WORK REQUEST - All of the listing should be output exactly, apart from the pictures.

DATA -

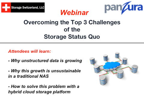 Between 2010 and 2020, IDC predicts that the amount of data created by humans and enterprises will increase 50x. Legacy network attached storage (NAS) systems can’t meet the unstructured data demands of the mobile workforce or distributed organizations. In this webinar, George Crump, Lead Analyst at Storage Switzerland and Brian Wink, Director of Solutions Engineering at Panzura expose the hidden gotcha’s of the storage status quo and explore how to manage unstructured data in the cloud.
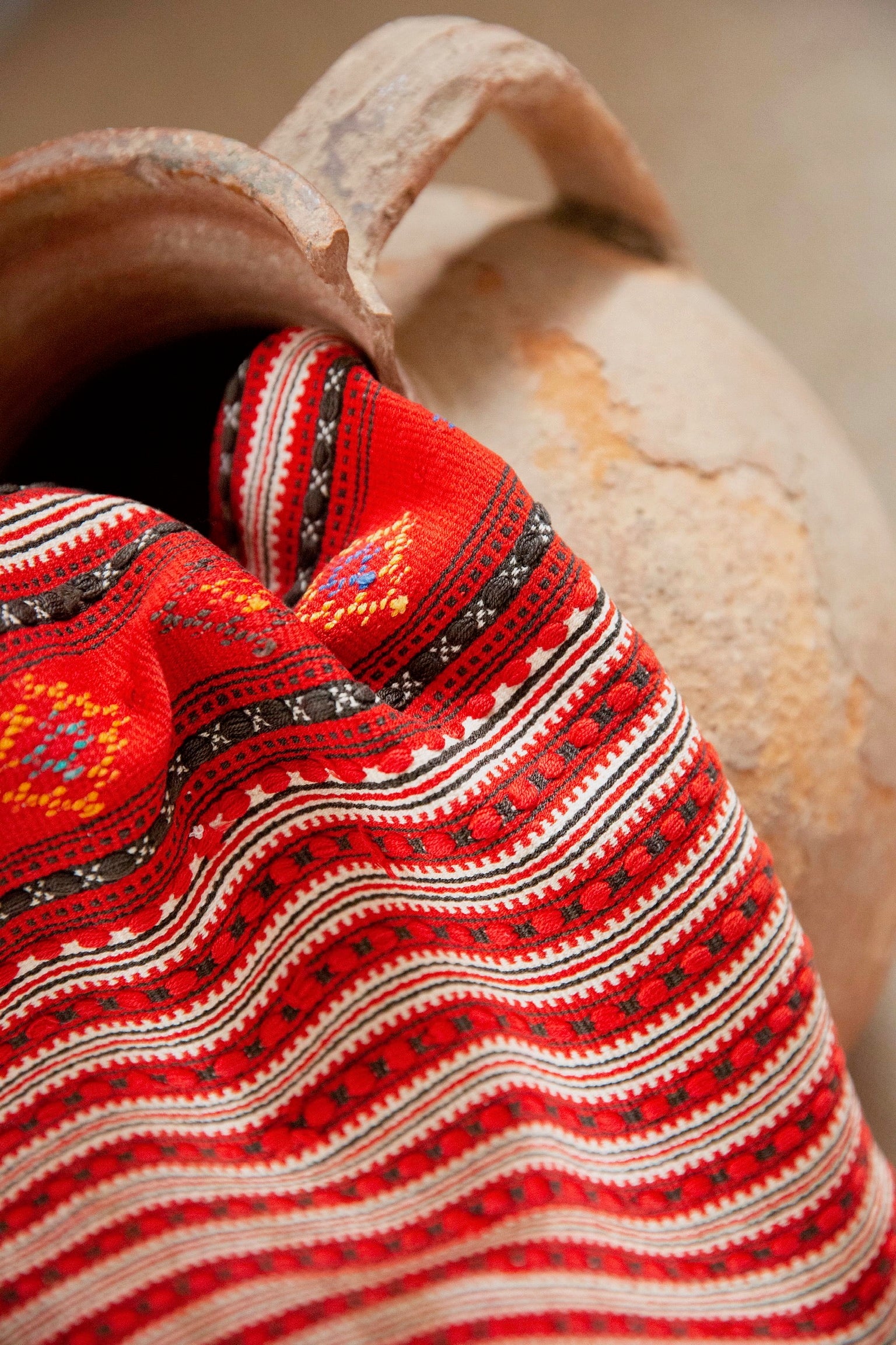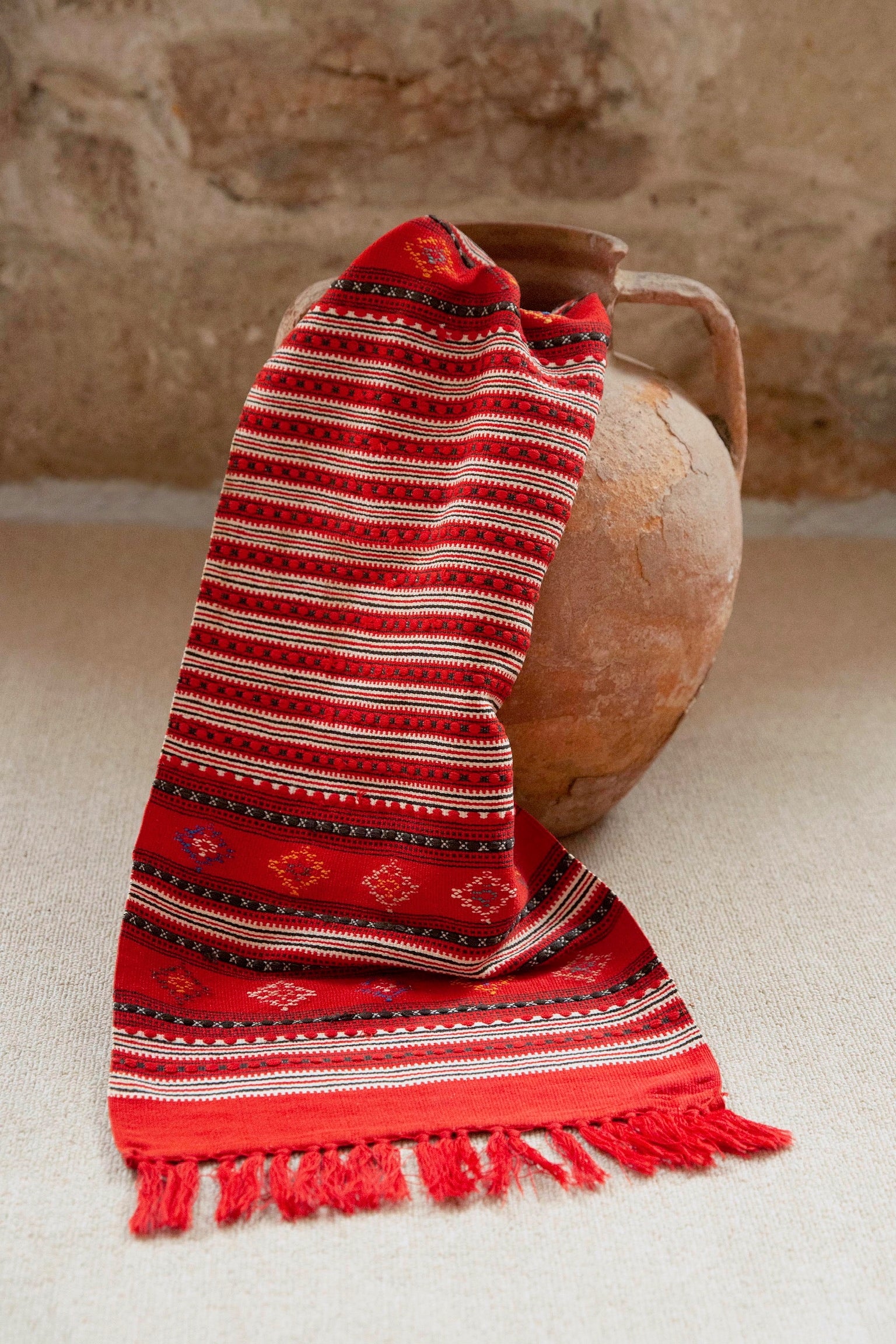 Zōstárion is a vibrant red runner woven with bands of black, cream, and deep plum patterns that feel both festive and deeply rooted in folk tradition. The hand-twisted fringe adds a soft finish, making it ideal for a winter table, a console, or layered atop a textile vignette. Its structure is clean and graphic, yet it carries the warmth of something crafted slowly and with intention.
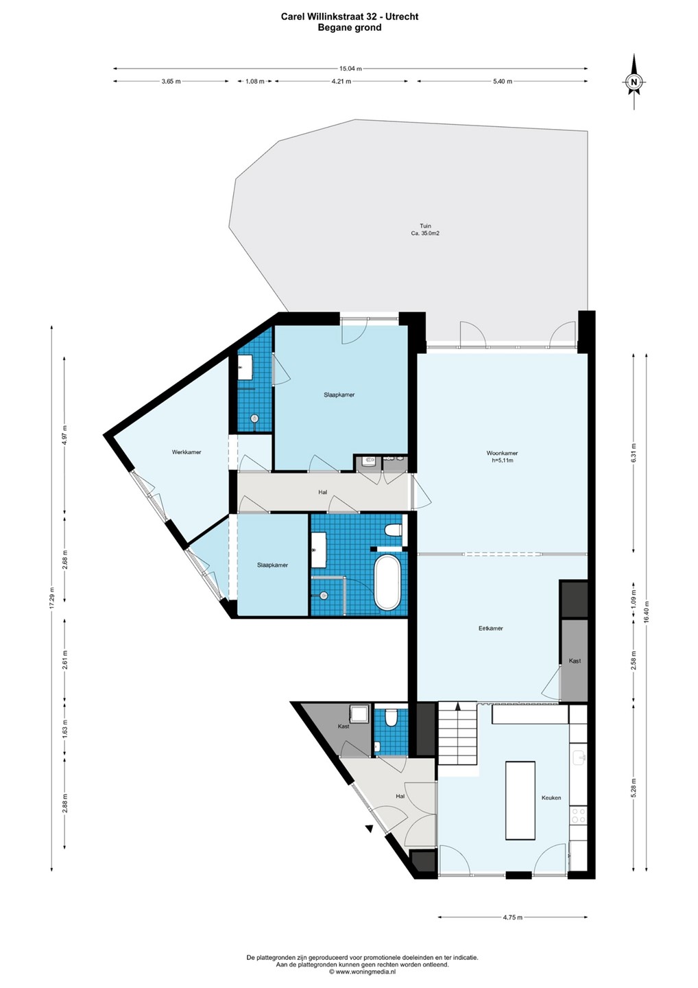 Wij hebben deze informatie met de grootste zorg samengesteld. Wij aanvaarden echter geen aansprakelijkheid voor eventuele onvolledigheden, onjuistheden of andere fouten, noch voor de gevolgen daarvan. De woning is opgemeten volgens de branchebrede meetvoorschriften, gebaseerd op de NEN-2580-norm.
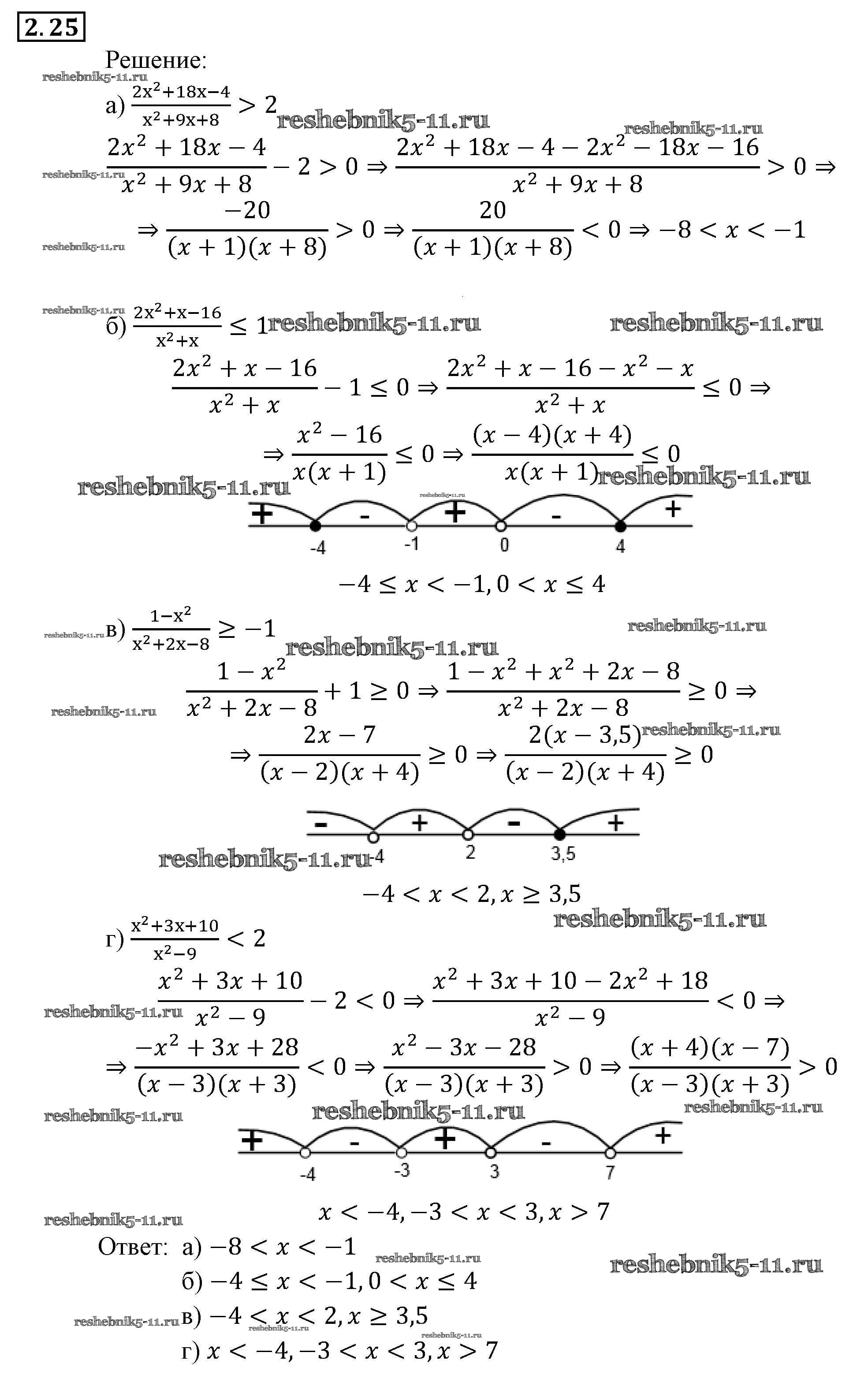 Готовая домашняя работа с ответами по Алгебре за 9 класс Мордкович, Александрова, Мишустина, Тульчинская, Семёнов Задачник Часть 2 Мнемозина 2010 ФГОС - § 2. Рациональные неравенства 25

FINISHED TASK -
 Between 2010 and 2020, IDC predicts that the amount of data created by humans and enterprises will increase 50x. Legacy network attached storage (NAS) systems can’t meet the unstructured data demands of the mobile workforce or distributed organizations. In this webinar, George Crump, Lead Analyst at Storage Switzerland and Brian Wink, Director of Solutions Engineering at Panzura expose the hidden gotcha’s of the storage status quo and explore how to manage unstructured data in the cloud.
 Zōstárion is a vibrant red runner woven with bands of black, cream, and deep plum patterns that feel both festive and deeply rooted in folk tradition. The hand-twisted fringe adds a soft finish, making it ideal for a winter table, a console, or layered atop a textile vignette. Its structure is clean and graphic, yet it carries the warmth of something crafted slowly and with intention.
 Wij hebben deze informatie met de grootste zorg samengesteld. Wij aanvaarden echter geen aansprakelijkheid voor eventuele onvolledigheden, onjuistheden of andere fouten, noch voor de gevolgen daarvan. De woning is opgemeten volgens de branchebrede meetvoorschriften, gebaseerd op de NEN-2580-norm.
 Готовая домашняя работа с ответами по Алгебре за 9 класс Мордкович, Александрова, Мишустина, Тульчинская, Семёнов Задачник Часть 2 Мнемозина 2010 ФГОС - § 2. Рациональные неравенства 25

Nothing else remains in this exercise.